The full listing, minus its pictures, should be printed again exactly as it stands.

— Dataset content —
= Beginning of Section =
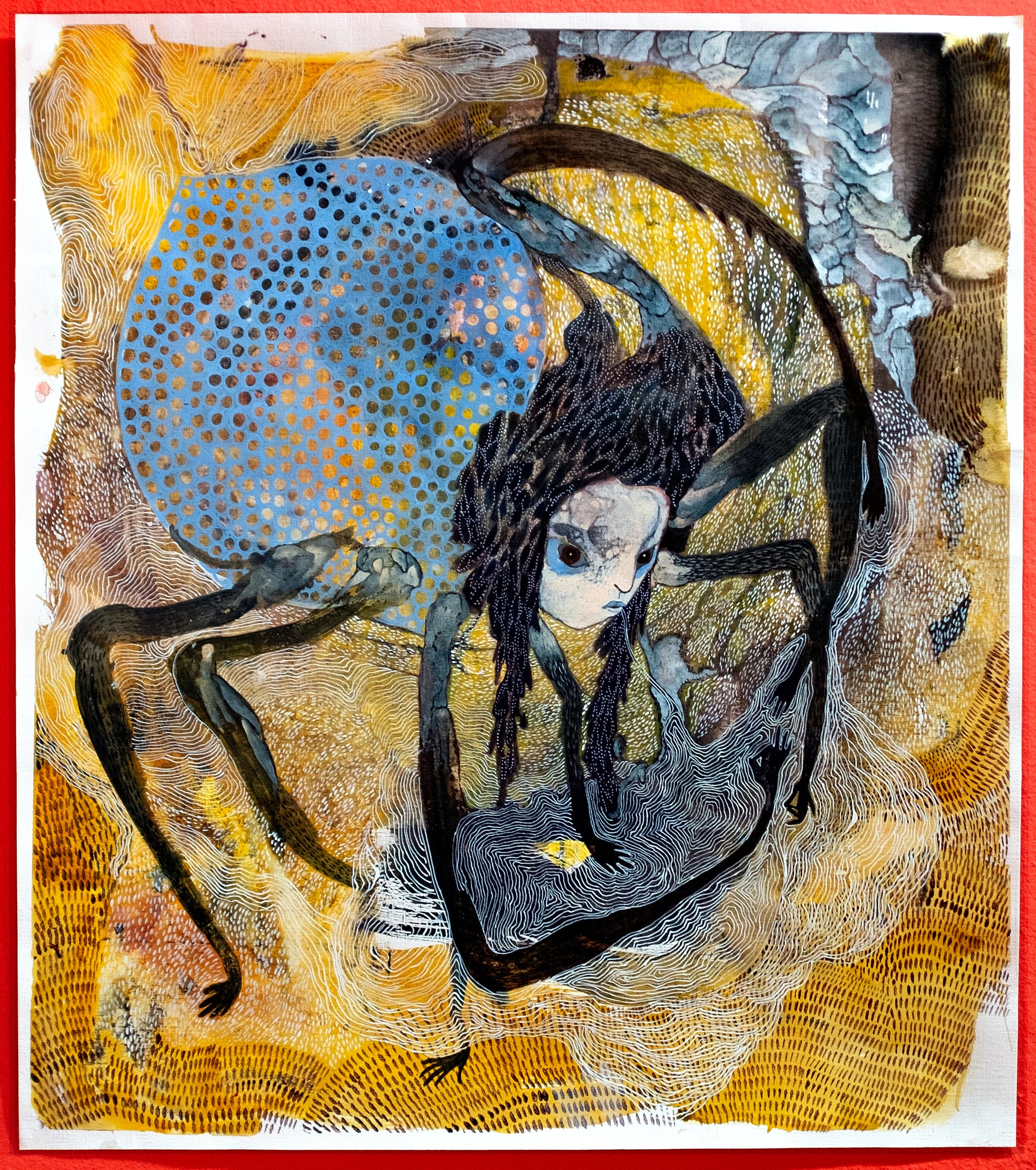 pigments, casein binder, watercolors, inks on art paper, 27.5" x 25"
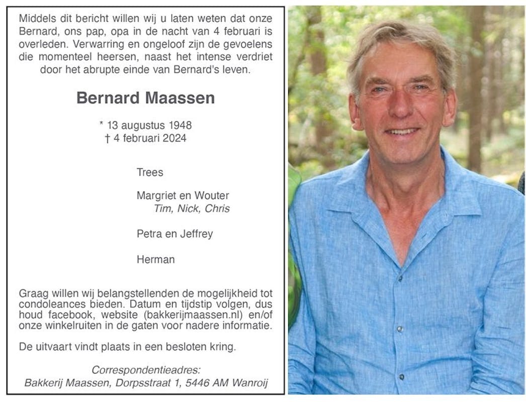 Wij zijn deze week tot 15 uur geopend in verband met het overlijden van Bernard Maassen.
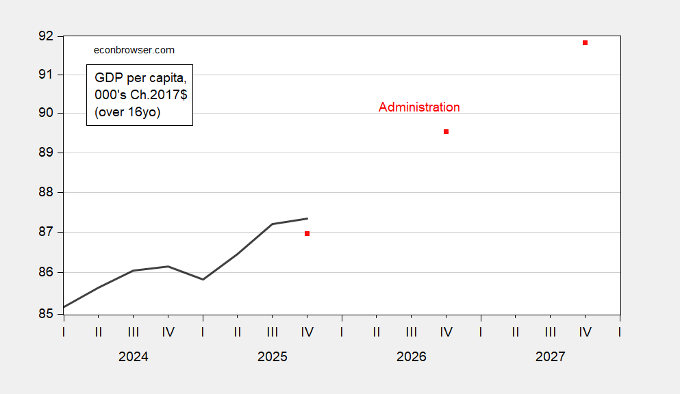 The Administration’s path is within the +/- one standard error band through 2027Q4, so the forecast is in that sense plausible, based on sampling error. However, the Administration’s path does suggest something interesting about output per capita.
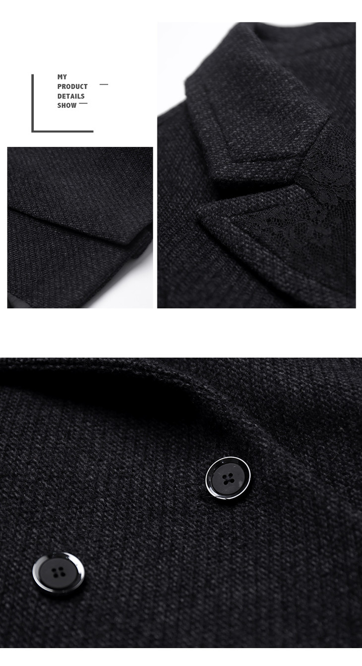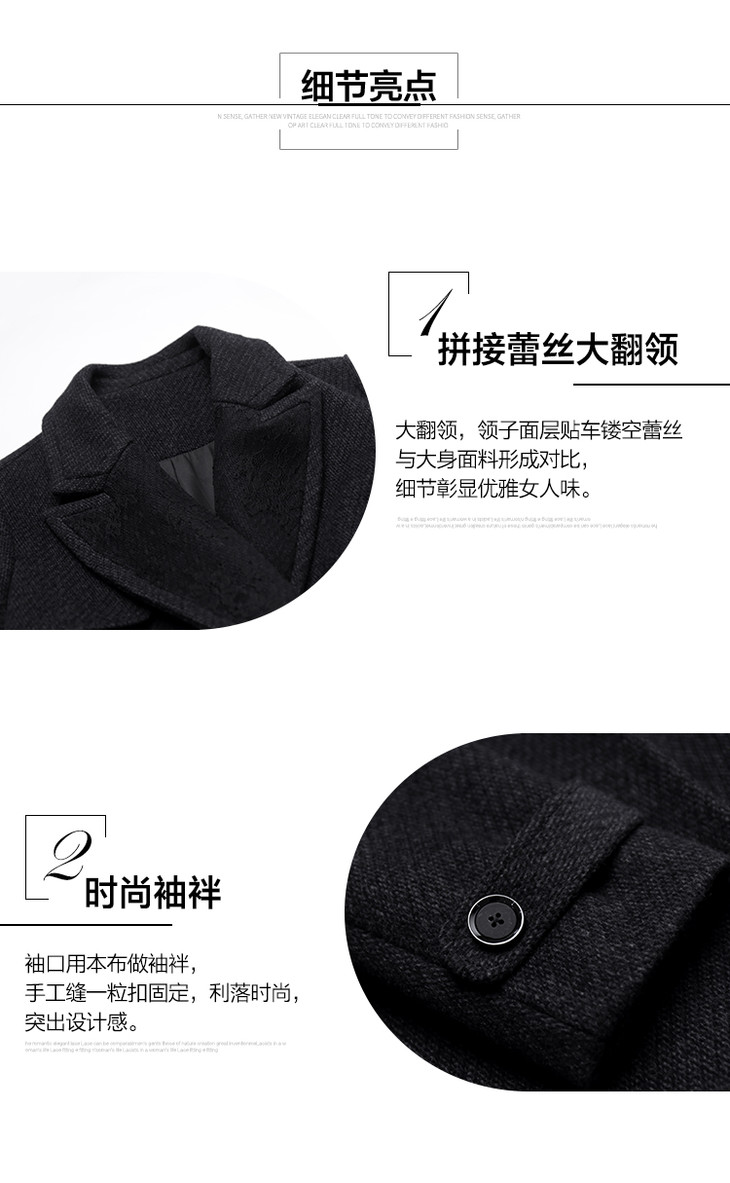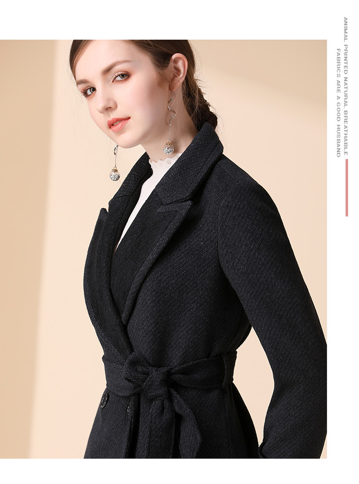 洛诗琳黑色毛呢大衣中长款拼接大翻领女士收腰外套冬季新款
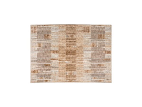 Polyester area rug with an abstract motif, tight low pile, and a soft, velvety feel. Rich warm tones and an easy-care short fringe suit everyday living.
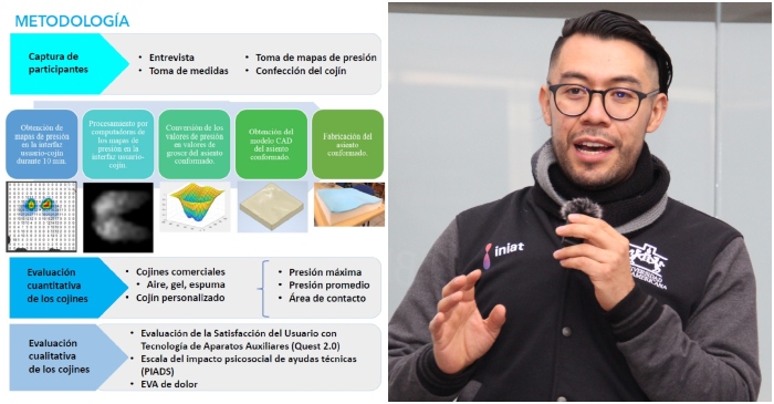 El proyectoEvaluación de cojines de descarga para usuarios de sillas de ruedas fabricados con base en los mapas de presión en la interfaz usuario-cojínfue presentado por el Dr. Erik René Bojorgez Valdez.
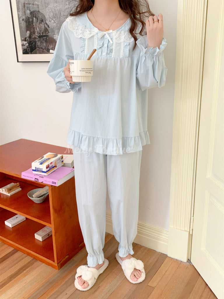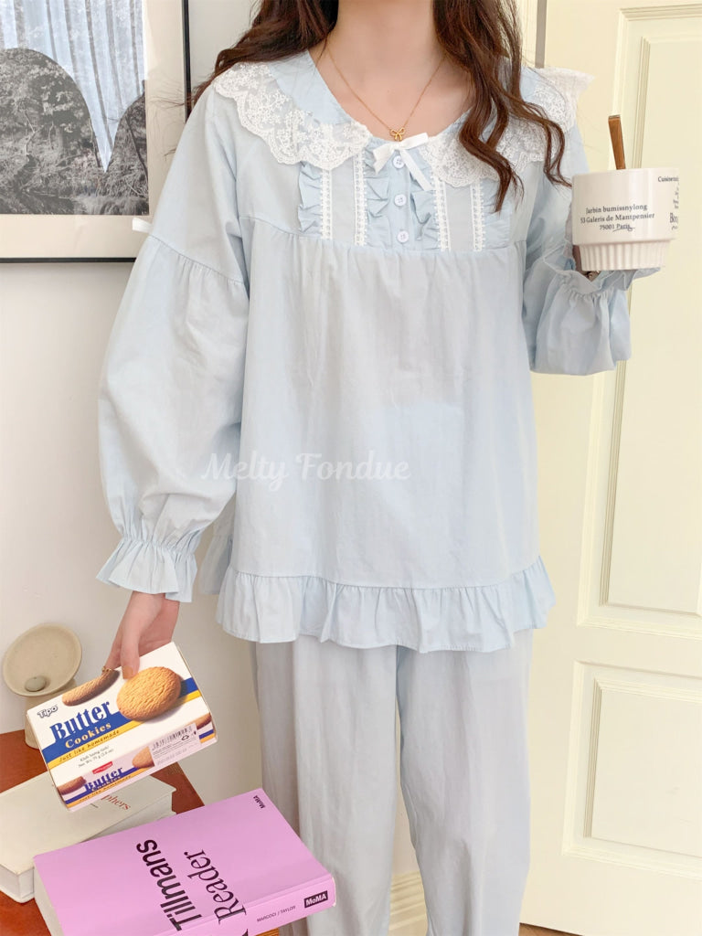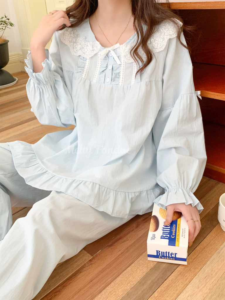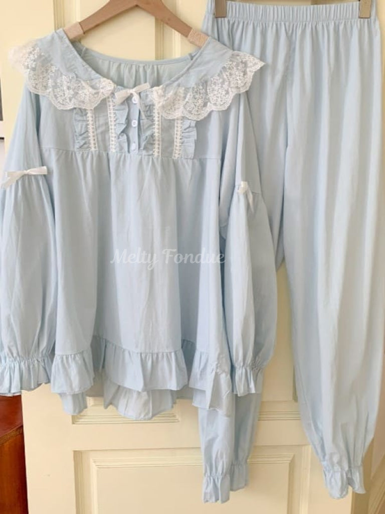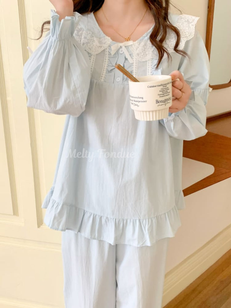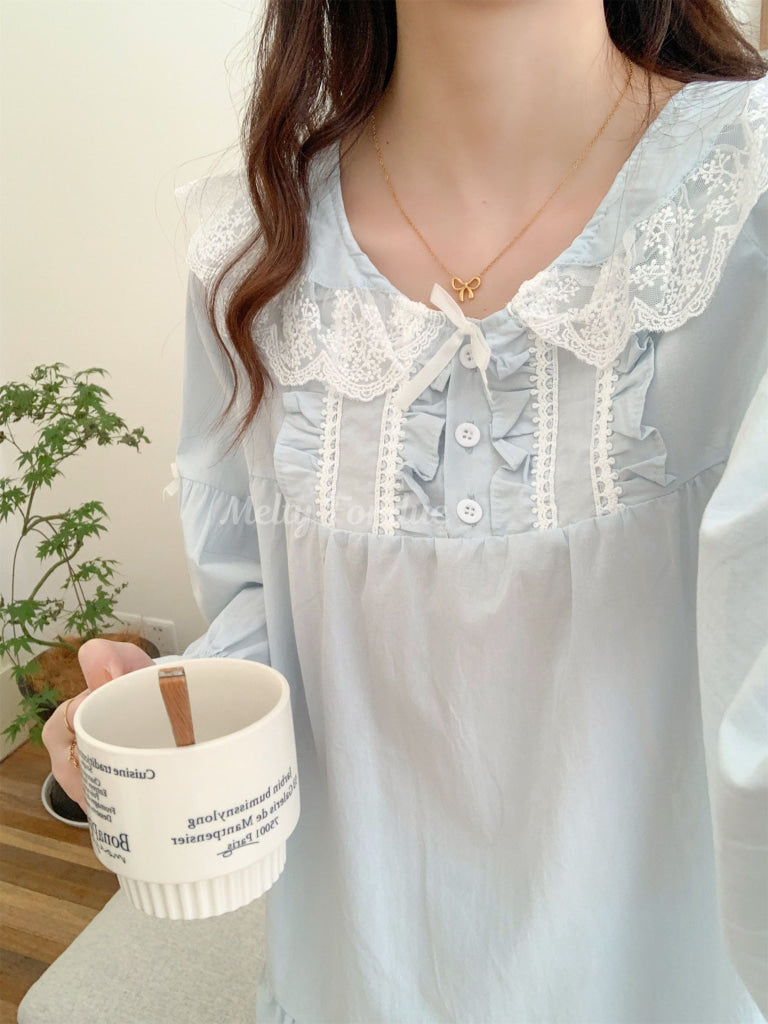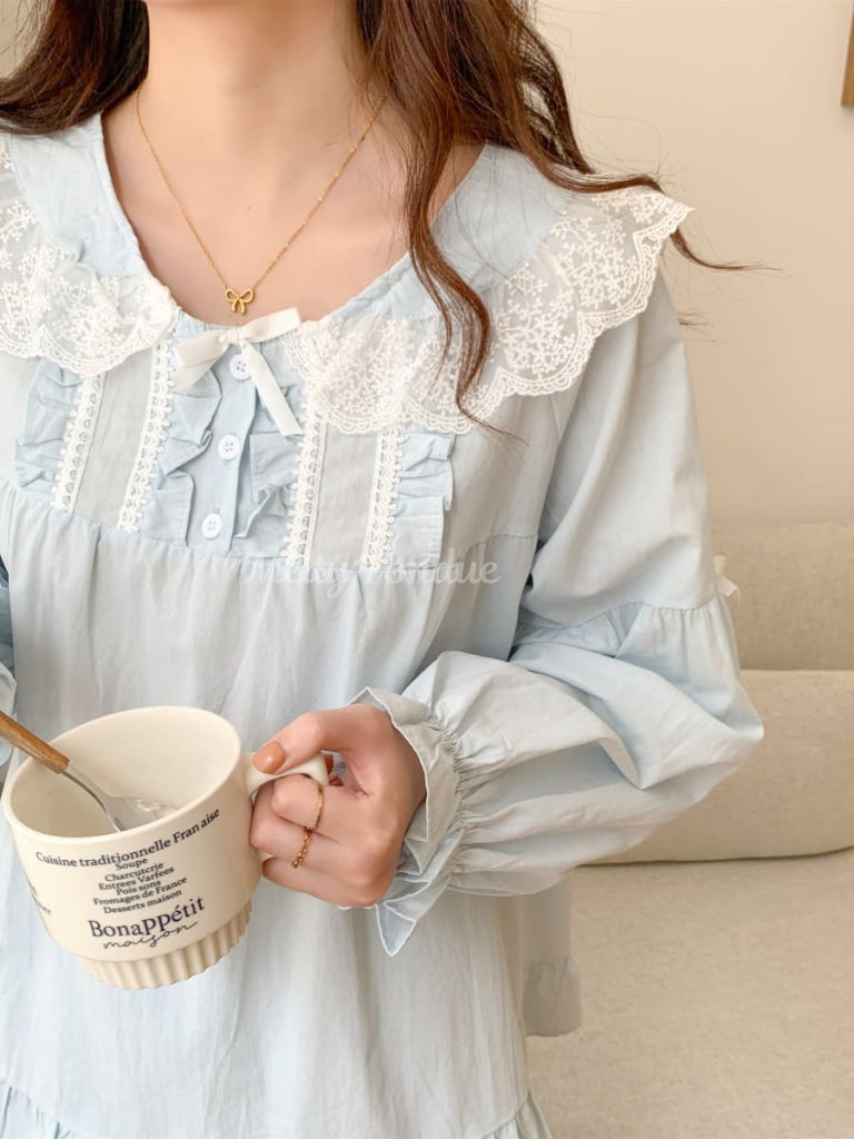 繊細なレース襟とフリルディテールが優雅な雰囲気を醸し出し、パステルブルーが落ち着きと清潔感をプラスします。
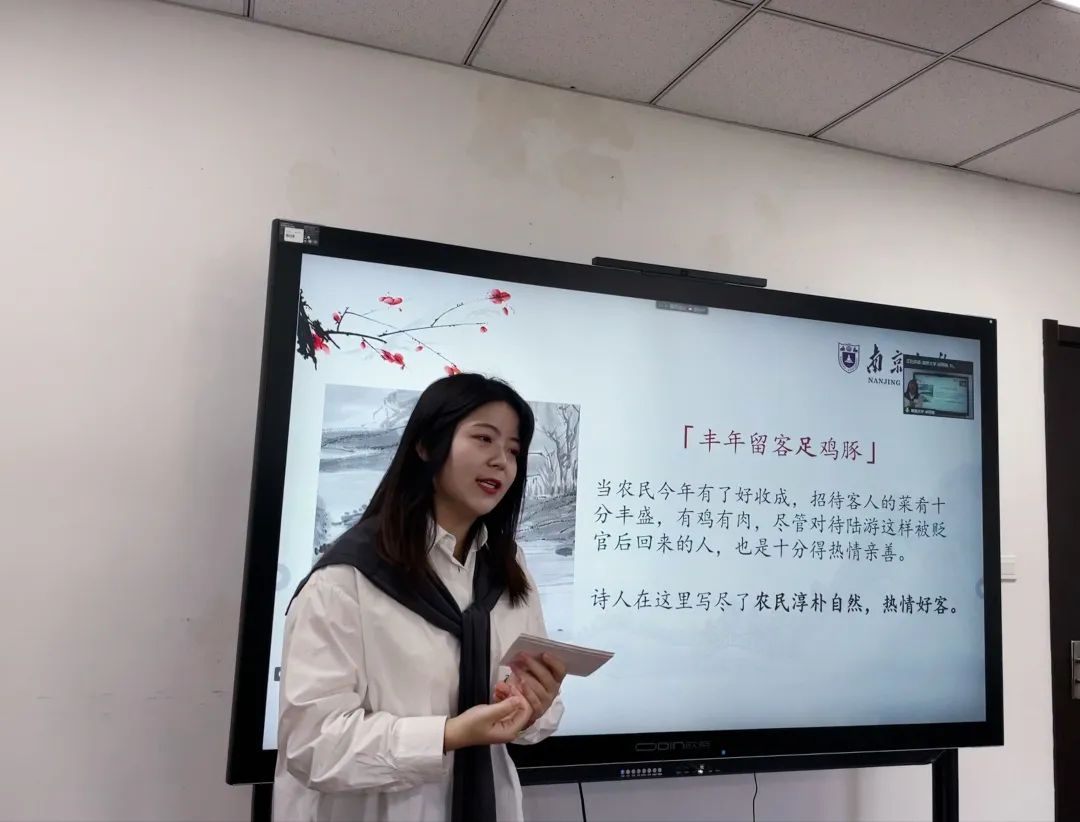 “莫笑农家腊酒浑,丰年留客足鸡豚。山重水复疑无路,柳暗花明又一村……”在何雨潼讲师的带领下,教室里传来了同学们朗读的声音。从对“豚”、“无时”等字词的解读,何雨潼讲师为同学们解析了这首诗的含义,并从写作背景和诗人境况带领同学们领略了古诗中的人情美、风物美、民俗美,展示出一幅春光明媚的山水图以及沃野阡陌的乡村画卷。
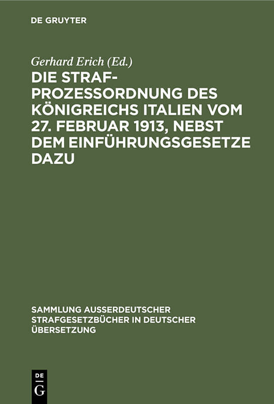 Keine ausführliche Beschreibung für "Die Strafprozeßordnung des Königreichs Italien vom 27. Februar 1913, nebst dem Einführungsgesetze dazu" verfügbar. Frontmatter -- Inhaltsverzeichnis -- Erstes Buch. Allgemeine Bestimmungen -- Zweites Buch. Von der...
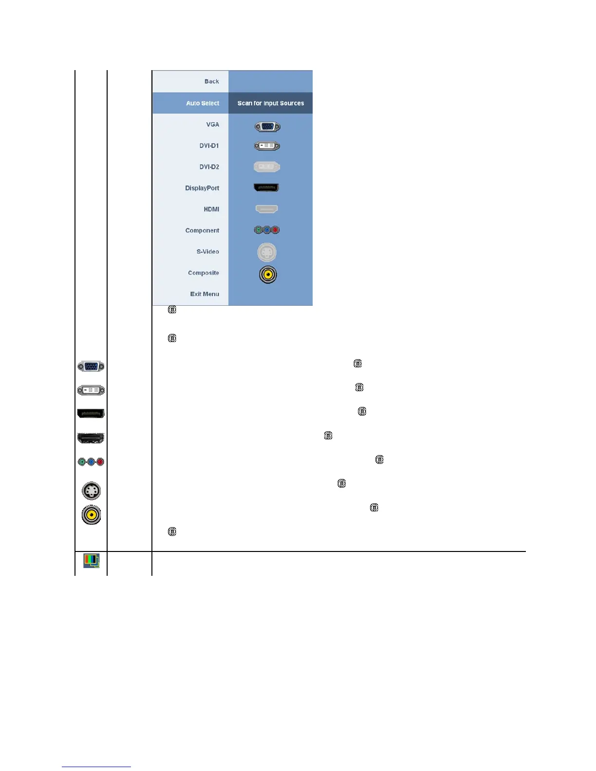 Select DisplayPort input when you are using DisplayPort connector. Push to select the DisplayPort input source.
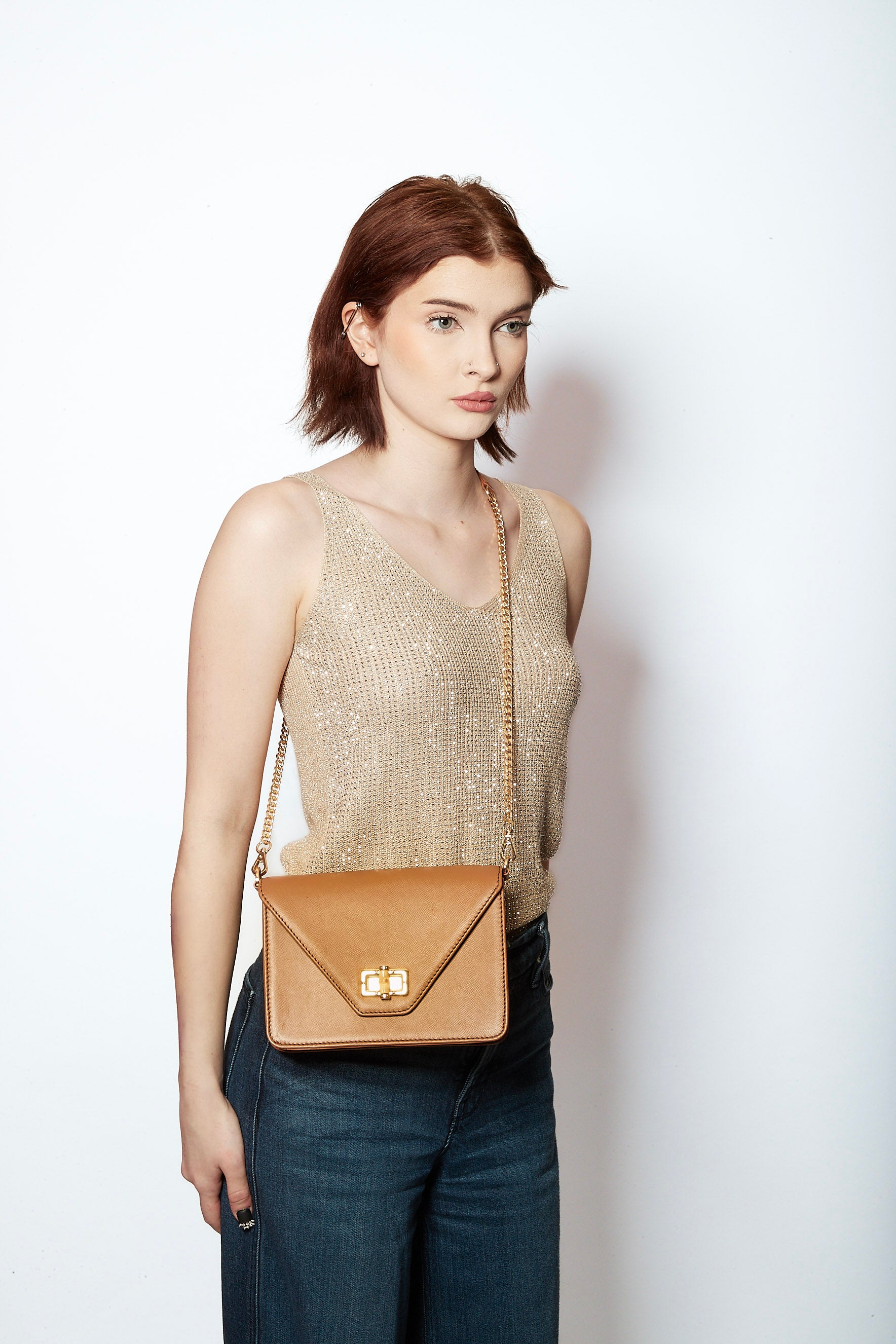 Materials: saffiano leather, suede, metal
= End of Section =
— Solution —
 pigments, casein binder, watercolors, inks on art paper, 27.5" x 25"
 Wij zijn deze week tot 15 uur geopend in verband met het overlijden van Bernard Maassen.
 The Administration’s path is within the +/- one standard error band through 2027Q4, so the forecast is in that sense plausible, based on sampling error. However, the Administration’s path does suggest something interesting about output per capita.
 洛诗琳黑色毛呢大衣中长款拼接大翻领女士收腰外套冬季新款
 Polyester area rug with an abstract motif, tight low pile, and a soft, velvety feel. Rich warm tones and an easy-care short fringe suit everyday living.
 El proyectoEvaluación de cojines de descarga para usuarios de sillas de ruedas fabricados con base en los mapas de presión en la interfaz usuario-cojínfue presentado por el Dr. Erik René Bojorgez Valdez.
 繊細なレース襟とフリルディテールが優雅な雰囲気を醸し出し、パステルブルーが落ち着きと清潔感をプラスします。
 “莫笑农家腊酒浑,丰年留客足鸡豚。山重水复疑无路,柳暗花明又一村……”在何雨潼讲师的带领下,教室里传来了同学们朗读的声音。从对“豚”、“无时”等字词的解读,何雨潼讲师为同学们解析了这首诗的含义,并从写作背景和诗人境况带领同学们领略了古诗中的人情美、风物美、民俗美,展示出一幅春光明媚的山水图以及沃野阡陌的乡村画卷。
 Keine ausführliche Beschreibung für "Die Strafprozeßordnung des Königreichs Italien vom 27. Februar 1913, nebst dem Einführungsgesetze dazu" verfügbar. Frontmatter -- Inhaltsverzeichnis -- Erstes Buch. Allgemeine Bestimmungen -- Zweites Buch. Von der...
 Select DisplayPort input when you are using DisplayPort connector. Push to select the DisplayPort input source.
 Materials: saffiano leather, suede, metal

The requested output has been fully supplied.